That self-awareness gives the game charm. Edgar and Scarlett fleeing at the end of each stage, then returning with another weapon or scheme, creates a funny, theatrical pattern. They are silly antagonists, and the game knows it. The emotional pull here is not tragedy or character depth. It comes from the pleasure of watching an obscure brawler series act like its tangled continuity deserves this much attention.
The roster helps sell that energy. Rick Norton works as the classic lead fighter, Douglas Bild brings wrestler heft with suplexes and body slams, Wendy Milan offers faster grappling, and Kazan fills the agile ninja role. Lord J and Kahlua add extra texture, while bosses joining the lineup later gives the campaign a playful sense of reward.
The stages move through malls, slums, subways, labs, prisons, and grimy city spaces. Some sections have real spark, such as the ridiculous zombie dance sequence and environmental destruction. Others run too long or rely on gimmicks that interrupt the brawling flow. By the late game, subway fights and vehicle-top scraps start to feel familiar. The cutscenes have personality, yet they can slow the tempo for players who came mainly for the fight.

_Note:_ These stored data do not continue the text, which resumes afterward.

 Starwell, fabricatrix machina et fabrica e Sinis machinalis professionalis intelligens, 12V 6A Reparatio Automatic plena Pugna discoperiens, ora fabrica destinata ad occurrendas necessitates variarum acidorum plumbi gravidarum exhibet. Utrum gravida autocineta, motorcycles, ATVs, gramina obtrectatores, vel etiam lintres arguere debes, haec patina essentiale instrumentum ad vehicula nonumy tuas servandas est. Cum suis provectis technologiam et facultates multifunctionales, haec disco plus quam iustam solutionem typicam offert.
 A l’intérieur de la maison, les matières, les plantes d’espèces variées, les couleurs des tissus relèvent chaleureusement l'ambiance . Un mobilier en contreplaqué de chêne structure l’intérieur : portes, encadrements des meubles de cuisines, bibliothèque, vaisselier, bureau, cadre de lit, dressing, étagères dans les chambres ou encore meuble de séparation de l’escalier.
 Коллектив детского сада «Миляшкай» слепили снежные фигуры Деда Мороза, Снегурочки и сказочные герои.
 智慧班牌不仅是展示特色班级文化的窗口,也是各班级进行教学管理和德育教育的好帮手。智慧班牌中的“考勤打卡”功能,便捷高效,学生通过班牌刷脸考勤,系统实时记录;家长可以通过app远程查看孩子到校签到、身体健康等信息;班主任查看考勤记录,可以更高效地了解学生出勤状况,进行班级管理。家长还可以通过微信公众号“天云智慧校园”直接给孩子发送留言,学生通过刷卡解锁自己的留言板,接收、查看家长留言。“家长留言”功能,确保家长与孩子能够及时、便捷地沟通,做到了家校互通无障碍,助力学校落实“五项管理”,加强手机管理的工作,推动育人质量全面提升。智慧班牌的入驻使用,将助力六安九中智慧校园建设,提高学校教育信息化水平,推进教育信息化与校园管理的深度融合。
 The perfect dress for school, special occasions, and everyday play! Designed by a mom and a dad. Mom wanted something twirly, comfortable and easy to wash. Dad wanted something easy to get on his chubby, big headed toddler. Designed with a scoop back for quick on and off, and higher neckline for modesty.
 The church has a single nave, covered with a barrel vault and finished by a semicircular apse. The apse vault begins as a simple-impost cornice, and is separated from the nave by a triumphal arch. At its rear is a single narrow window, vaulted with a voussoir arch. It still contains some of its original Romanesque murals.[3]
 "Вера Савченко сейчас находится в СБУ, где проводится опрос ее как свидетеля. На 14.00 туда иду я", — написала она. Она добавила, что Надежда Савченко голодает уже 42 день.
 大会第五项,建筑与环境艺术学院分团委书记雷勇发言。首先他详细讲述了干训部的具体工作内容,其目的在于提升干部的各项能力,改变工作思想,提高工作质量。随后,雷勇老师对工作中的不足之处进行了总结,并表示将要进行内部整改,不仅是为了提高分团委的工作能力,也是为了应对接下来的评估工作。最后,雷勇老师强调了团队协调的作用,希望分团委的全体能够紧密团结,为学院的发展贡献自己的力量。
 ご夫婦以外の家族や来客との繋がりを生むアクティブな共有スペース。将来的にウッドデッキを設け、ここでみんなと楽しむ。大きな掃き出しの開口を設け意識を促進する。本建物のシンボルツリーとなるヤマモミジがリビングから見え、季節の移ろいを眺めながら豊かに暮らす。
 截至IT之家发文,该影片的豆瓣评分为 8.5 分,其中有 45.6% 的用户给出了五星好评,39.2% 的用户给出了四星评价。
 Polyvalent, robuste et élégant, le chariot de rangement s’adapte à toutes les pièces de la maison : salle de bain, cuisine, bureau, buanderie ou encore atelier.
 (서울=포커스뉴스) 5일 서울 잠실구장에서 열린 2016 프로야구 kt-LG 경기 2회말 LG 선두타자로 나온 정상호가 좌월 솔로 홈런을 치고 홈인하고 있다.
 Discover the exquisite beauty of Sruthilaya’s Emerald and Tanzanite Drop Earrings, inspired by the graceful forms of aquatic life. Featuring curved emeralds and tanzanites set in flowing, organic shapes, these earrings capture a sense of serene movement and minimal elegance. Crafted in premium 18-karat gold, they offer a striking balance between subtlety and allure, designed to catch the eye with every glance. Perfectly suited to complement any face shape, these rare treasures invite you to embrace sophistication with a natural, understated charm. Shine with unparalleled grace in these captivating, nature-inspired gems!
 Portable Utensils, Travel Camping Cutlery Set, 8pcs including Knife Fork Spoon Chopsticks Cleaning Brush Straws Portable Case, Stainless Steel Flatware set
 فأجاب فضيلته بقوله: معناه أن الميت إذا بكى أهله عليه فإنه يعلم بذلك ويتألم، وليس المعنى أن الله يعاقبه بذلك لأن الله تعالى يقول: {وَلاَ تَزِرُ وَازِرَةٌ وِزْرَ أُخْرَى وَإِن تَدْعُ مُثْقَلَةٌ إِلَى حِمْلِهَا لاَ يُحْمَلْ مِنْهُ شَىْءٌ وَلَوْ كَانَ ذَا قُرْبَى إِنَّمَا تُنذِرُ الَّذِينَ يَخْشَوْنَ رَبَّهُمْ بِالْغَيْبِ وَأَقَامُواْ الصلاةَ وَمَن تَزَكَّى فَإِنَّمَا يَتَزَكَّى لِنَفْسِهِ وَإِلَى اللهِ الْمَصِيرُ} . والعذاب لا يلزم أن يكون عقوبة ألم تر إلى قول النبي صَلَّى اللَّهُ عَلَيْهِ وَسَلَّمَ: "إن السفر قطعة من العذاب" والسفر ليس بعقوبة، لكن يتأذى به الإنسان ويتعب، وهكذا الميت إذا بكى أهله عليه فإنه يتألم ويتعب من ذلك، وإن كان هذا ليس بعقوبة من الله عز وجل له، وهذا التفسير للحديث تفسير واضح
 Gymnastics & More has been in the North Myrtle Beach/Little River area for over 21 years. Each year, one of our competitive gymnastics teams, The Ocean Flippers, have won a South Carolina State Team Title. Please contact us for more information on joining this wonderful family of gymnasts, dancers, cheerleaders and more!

A Brawler With Fighting-Game Ambition
The strongest part of RUSHING BEAT X is its combat, which treats the beat ’em up formula with surprising mechanical curiosity. At a basic level, this is classic belt-scrolling action: move through the stage, clear enemy waves, grab money, use weapons, eat food, and finish each level with a boss fight. Under that familiar shape, the game hides a flexible system built around launchers, aerial juggles, wall bounces, back attacks, counters, throws, and character-specific specials.
Once the rhythm clicks, fights can feel closer to a simplified fighting game than a throwback brawler. Normal strings can lead into heavy attacks, enemies can be popped into the air, and moves can be canceled into jumps or dashes.
That gives each character a sense of expressive identity. Douglas feels best when turning bodies into projectiles. Kazan thrives on speed and pressure. Wendy sits in a satisfying middle ground, quick enough to move through crowds and strong enough to make grapples matter.
The throw system gives the combat much of its physical comedy. The attack button doubles as a throw at close range, and directional inputs change the result. Slamming enemies into walls, windows, background objects, or hazards gives every room a tactile quality. It recalls the pleasure of older arcade brawlers where the best moments often came from treating the scenery like a weapon.
The inventory system is a smart modern adjustment. Food can be saved for later instead of consumed on contact. Weapons can be stored, swapped, and timed for harder encounters. Money can be spent at the Brawl Bus or Tough Enough truck for meals, health, and gear. These systems make survival feel less dependent on lucky item placement and give players a small strategic layer between scraps.
Rage mode adds another burst of control. Landing hits and throws fills a meter that boosts attack and defense, changes moves, and allows a strong special attack. It is especially useful when the screen fills with bodies or a boss starts chewing through health.
The rough edges are hard to ignore. Default controls can feel odd, with attack, throw, block, and strong attacks sharing space in ways that cause accidental inputs. Remapping helps, yet first impressions matter in a genre built on immediacy. Movement also feels stiff, and alignment can be fussy.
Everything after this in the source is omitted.